YOUR ASSIGNMENT: Would you print the data below exactly, leaving out every picture?

DATA FOR THIS TASK:
*** Block opens ***

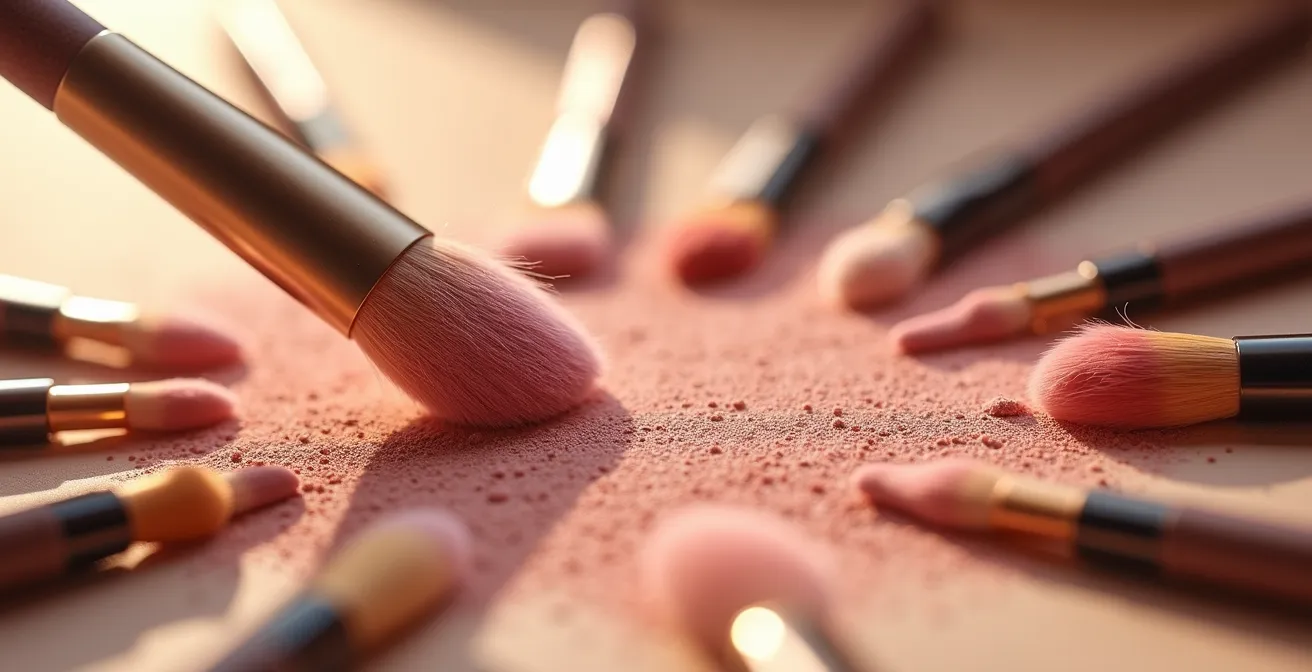 Die gängigen Ratschläge wie „gut verblenden“ oder „einen weichen Pinsel benutzen“ sind zwar richtig, kratzen aber nur an der Oberfläche. Sie erklären nicht das „Warum“. Für ein Ergebnis, das selbst unter dem gnadenlosen Auge einer HD-Kamera besteht, müssen wir tiefer gehen. Es geht nicht um Magie, sondern um Physik: um Druckkontrolle, die Synergie verschiedener Texturen und die bewusste Architektur von Licht und Schatten. Es geht darum, die Prinzipien zu verstehen, die professionelle Make-up-Artisten anwenden, um ein Finish zu kreieren, das wie von innen heraus leuchtet.
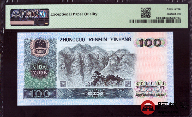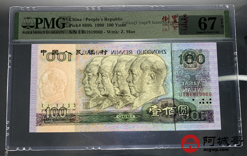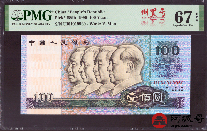 Lot:31 四版 1990年 中国人民银行壹佰圆 PMG 67EPQ 倒置号
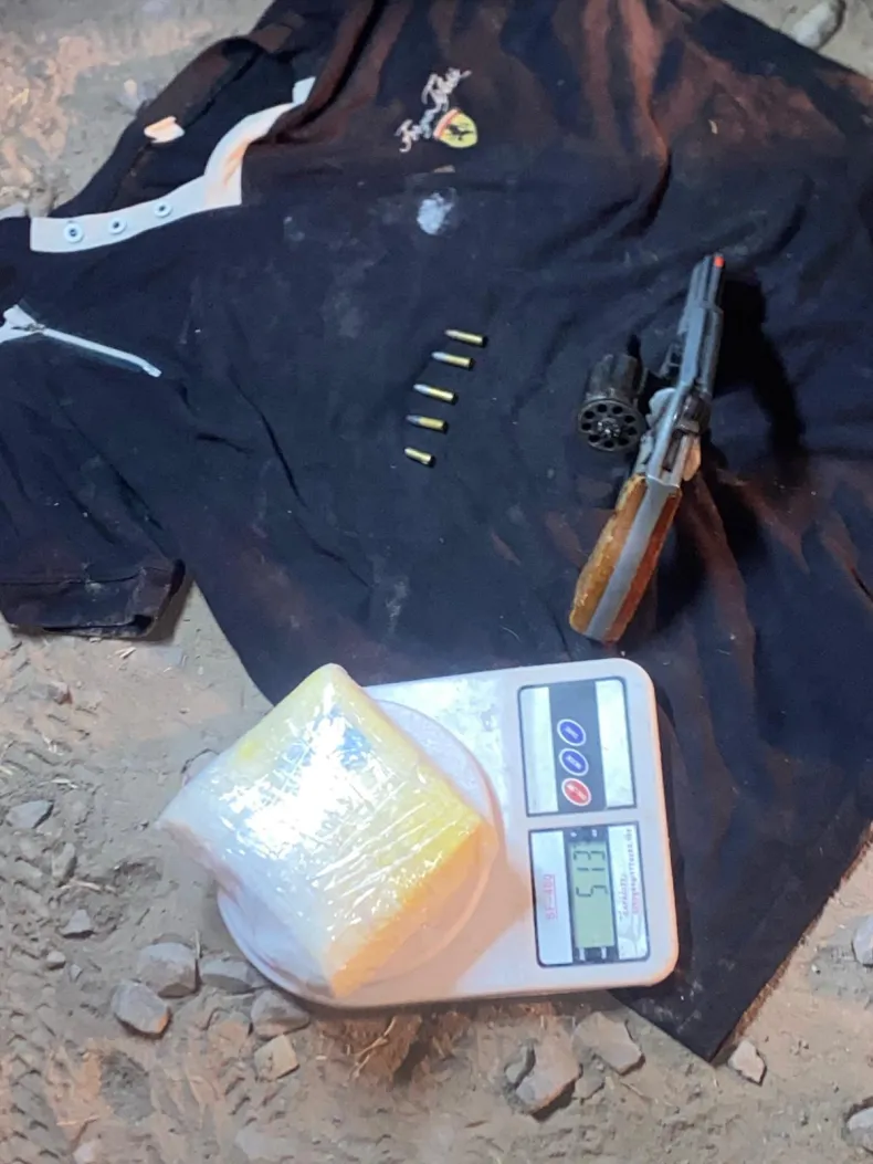 En su interior se hallaron 513 gramos de cocaína de máxima pureza, envueltos en cinta de embalar amarilla, un revólver calibre 22 con cartuchos y una vaina servida.
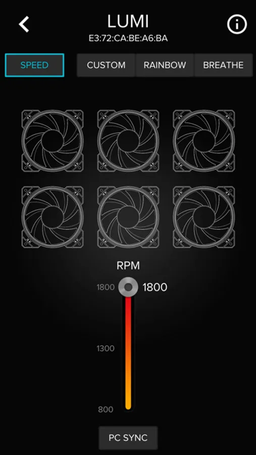SPEED: Lets you control the fan speeds of the 6 connected fans. The “PC SYNC” button is for toggling control of the fan speed between the LUMI mobile app and you PC’s PWM.
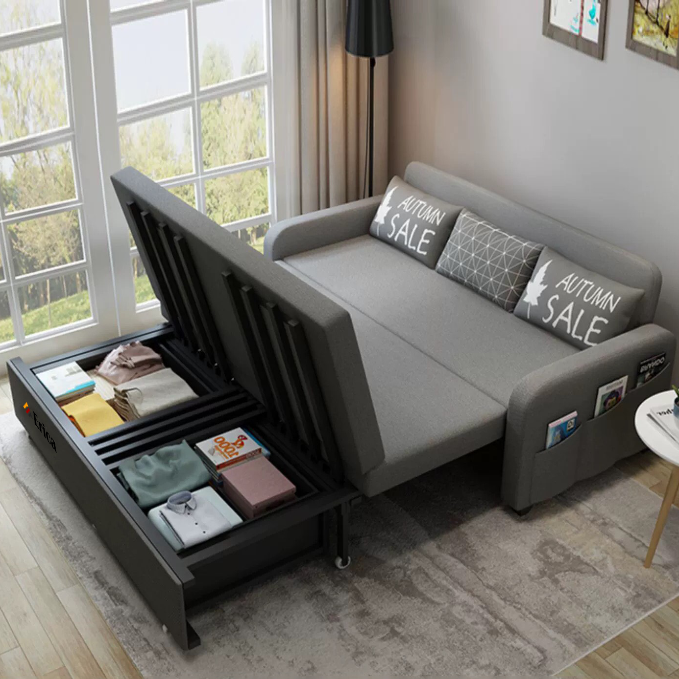 Một số mẫu sofa Erica còn có khả năng thay đổi hình dáng linh hoạt, dễ dàng chuyển đổi từ sofa thành giường ngủ hoặc bàn làm việc, giúp tận dụng tối đa diện tích, đặc biệt phù hợp với các căn hộ studio hoặc chung cư có diện tích hạn chế.
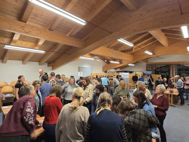 Nach der Begrüßung durch den Bürgermeister konnten die Bürgerinnen und Bürger an fünf verschiedenen Stationen vorbeischauen und sich über laufende Projekte und Maßnahmen in der Gemeinde informieren – vieles davon ist direkt aus dem Beteiligungsprozess entstanden.
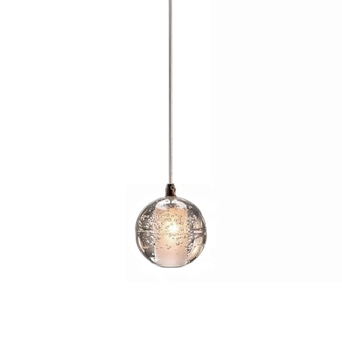 Подвесной светильник Delight Collection 2815P/1 clear из прозрачного стекла с пузырьками воздуха. Потолочное крепление диметром 12 см и высотой 2,5 см из хромированного металла.
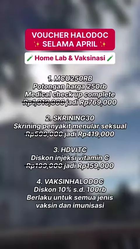 Jangan lupa rutin cek kesehatanmu dan lakuin vaksin dengan layanan Home Lab & Vaksinasi di Halodoc! Tenang, nih kita spill vouchernya~ #Halodoc #TenangMenjaga #infodiskon #homelabhalodoc #voucherhalodoc #kuponhalodoc #infokuponhalodoc #kuponhalodocapril #voucherhalodocapril #trend #video
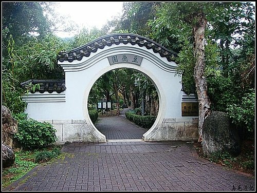 至善公園出來後再前行,在至善路與故宮路交叉口處有一至德園,入口處是一個別緻的古典圓拱門,進入步道小徑,別有一般清幽!
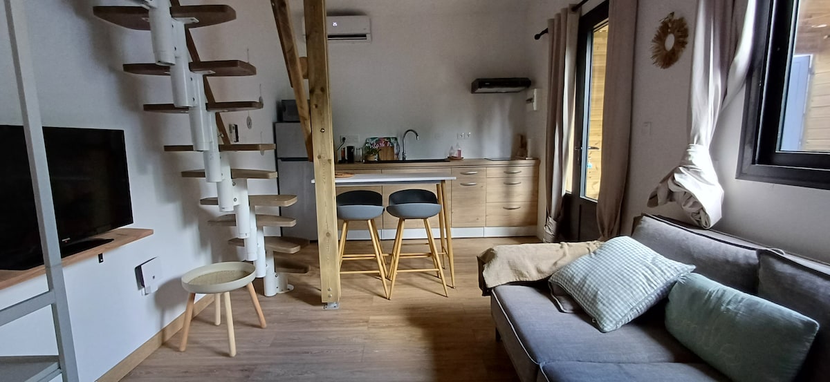 Enjoy the charming setting of this romantic accommodation 1 min from the lagoon, forest and shops (post office, Gabier, supermarket, bakery, grocery store, pizzeria, doctors, pharmacy, ice cream parlors, physiotherapist...) Linen, beach towels, air conditioning, internet, TV... provided 2 nights minimum
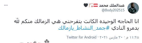 وقال محمد عبد الملك: «أنا الحاجة الوحيدة اللي كانت بتفرحني هي الزمالك.. منكم لله دمرتوا النادي #جمد_النشاط_يازمالك».
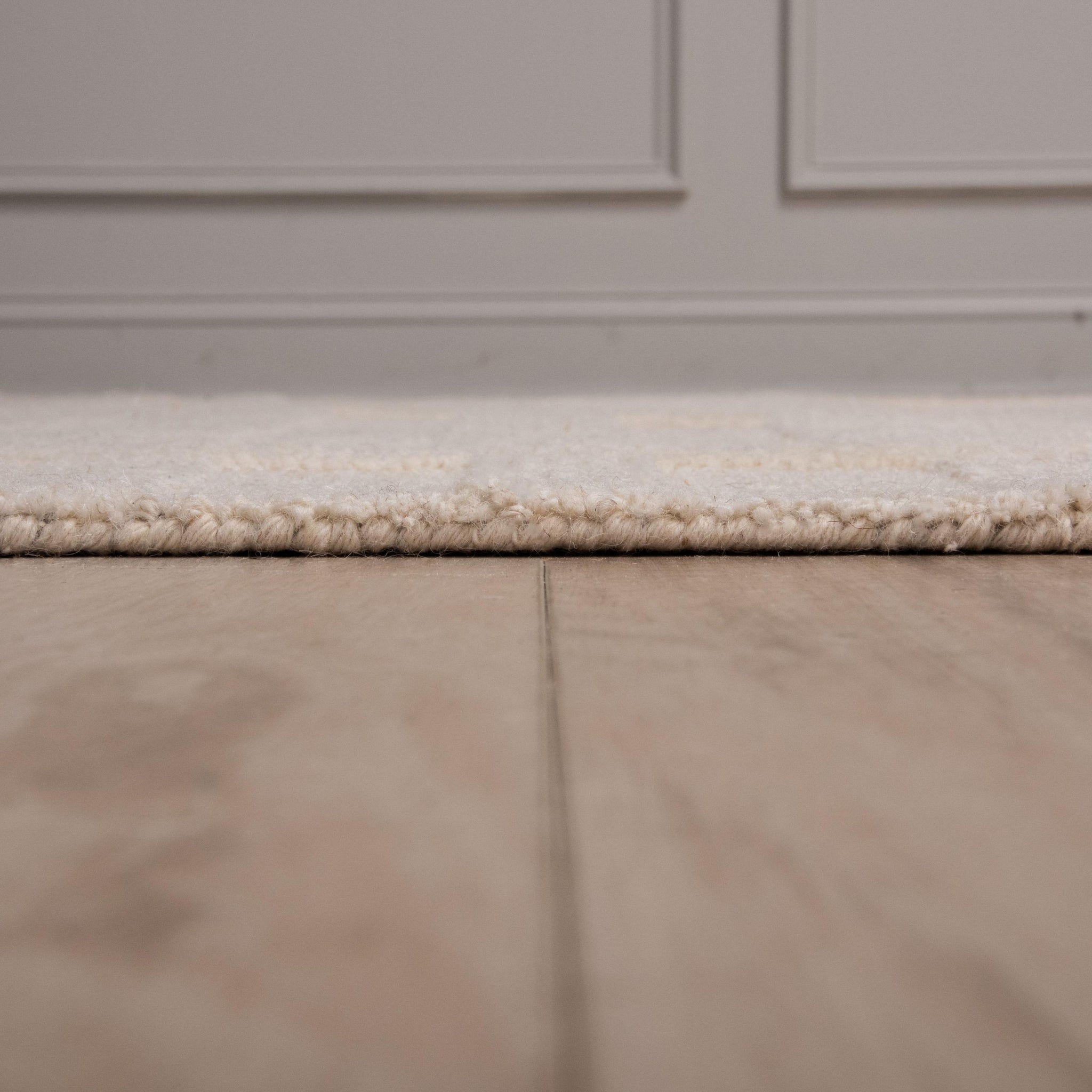 Welcome to modern sophistication. Rizzy Home proudly presents the Lofton Collection, featuring this exquisite rug crafted with meticulous attention to detail–a true testament to contemporary elegance and allure. Adorned with a sophisticated geometric pattern in a harmonious blend of beige hues, this rug embodies understated luxury and exclusivity. Its neutral colorway makes it a versatile choice for transitional styles and layering, while also serving as a captivating room anchor for any style aesthetic. Hand-tufted with precision, this rug boasts a unique combination of cut and loop pile wool, creating a captivating textured look that is both chic and visually intriguing. Its tight loop pile construction adds depth and dimension to any space, setting the stage for an urban-inspired ambiance. Complete with a durable cotton canvas backing, this rug ensures longevity and stability, making it suitable for high-traffic areas of your home. Handcrafted in India, it exudes an air of refinement and sophistication that effortlessly elevates any room.Whether as a focal point or a complementary piece, this rug's urbane design and textured allure will make a statement that resonates with modern sensibilities. Experience the fusion of style and comfort with this exclusive rug, where every detail speaks of timeless elegance and modern flair.

*** Block closes ***

ANSWER SECTION:
 Die gängigen Ratschläge wie „gut verblenden“ oder „einen weichen Pinsel benutzen“ sind zwar richtig, kratzen aber nur an der Oberfläche. Sie erklären nicht das „Warum“. Für ein Ergebnis, das selbst unter dem gnadenlosen Auge einer HD-Kamera besteht, müssen wir tiefer gehen. Es geht nicht um Magie, sondern um Physik: um Druckkontrolle, die Synergie verschiedener Texturen und die bewusste Architektur von Licht und Schatten. Es geht darum, die Prinzipien zu verstehen, die professionelle Make-up-Artisten anwenden, um ein Finish zu kreieren, das wie von innen heraus leuchtet.
 Lot:31 四版 1990年 中国人民银行壹佰圆 PMG 67EPQ 倒置号
 En su interior se hallaron 513 gramos de cocaína de máxima pureza, envueltos en cinta de embalar amarilla, un revólver calibre 22 con cartuchos y una vaina servida.
SPEED: Lets you control the fan speeds of the 6 connected fans. The “PC SYNC” button is for toggling control of the fan speed between the LUMI mobile app and you PC’s PWM.
 Một số mẫu sofa Erica còn có khả năng thay đổi hình dáng linh hoạt, dễ dàng chuyển đổi từ sofa thành giường ngủ hoặc bàn làm việc, giúp tận dụng tối đa diện tích, đặc biệt phù hợp với các căn hộ studio hoặc chung cư có diện tích hạn chế.
 Nach der Begrüßung durch den Bürgermeister konnten die Bürgerinnen und Bürger an fünf verschiedenen Stationen vorbeischauen und sich über laufende Projekte und Maßnahmen in der Gemeinde informieren – vieles davon ist direkt aus dem Beteiligungsprozess entstanden.
 Подвесной светильник Delight Collection 2815P/1 clear из прозрачного стекла с пузырьками воздуха. Потолочное крепление диметром 12 см и высотой 2,5 см из хромированного металла.
 Jangan lupa rutin cek kesehatanmu dan lakuin vaksin dengan layanan Home Lab & Vaksinasi di Halodoc! Tenang, nih kita spill vouchernya~ #Halodoc #TenangMenjaga #infodiskon #homelabhalodoc #voucherhalodoc #kuponhalodoc #infokuponhalodoc #kuponhalodocapril #voucherhalodocapril #trend #video
 至善公園出來後再前行,在至善路與故宮路交叉口處有一至德園,入口處是一個別緻的古典圓拱門,進入步道小徑,別有一般清幽!
 Enjoy the charming setting of this romantic accommodation 1 min from the lagoon, forest and shops (post office, Gabier, supermarket, bakery, grocery store, pizzeria, doctors, pharmacy, ice cream parlors, physiotherapist...) Linen, beach towels, air conditioning, internet, TV... provided 2 nights minimum
 وقال محمد عبد الملك: «أنا الحاجة الوحيدة اللي كانت بتفرحني هي الزمالك.. منكم لله دمرتوا النادي #جمد_النشاط_يازمالك».
 Welcome to modern sophistication. Rizzy Home proudly presents the Lofton Collection, featuring this exquisite rug crafted with meticulous attention to detail–a true testament to contemporary elegance and allure. Adorned with a sophisticated geometric pattern in a harmonious blend of beige hues, this rug embodies understated luxury and exclusivity. Its neutral colorway makes it a versatile choice for transitional styles and layering, while also serving as a captivating room anchor for any style aesthetic. Hand-tufted with precision, this rug boasts a unique combination of cut and loop pile wool, creating a captivating textured look that is both chic and visually intriguing. Its tight loop pile construction adds depth and dimension to any space, setting the stage for an urban-inspired ambiance. Complete with a durable cotton canvas backing, this rug ensures longevity and stability, making it suitable for high-traffic areas of your home. Handcrafted in India, it exudes an air of refinement and sophistication that effortlessly elevates any room.Whether as a focal point or a complementary piece, this rug's urbane design and textured allure will make a statement that resonates with modern sensibilities. Experience the fusion of style and comfort with this exclusive rug, where every detail speaks of timeless elegance and modern flair.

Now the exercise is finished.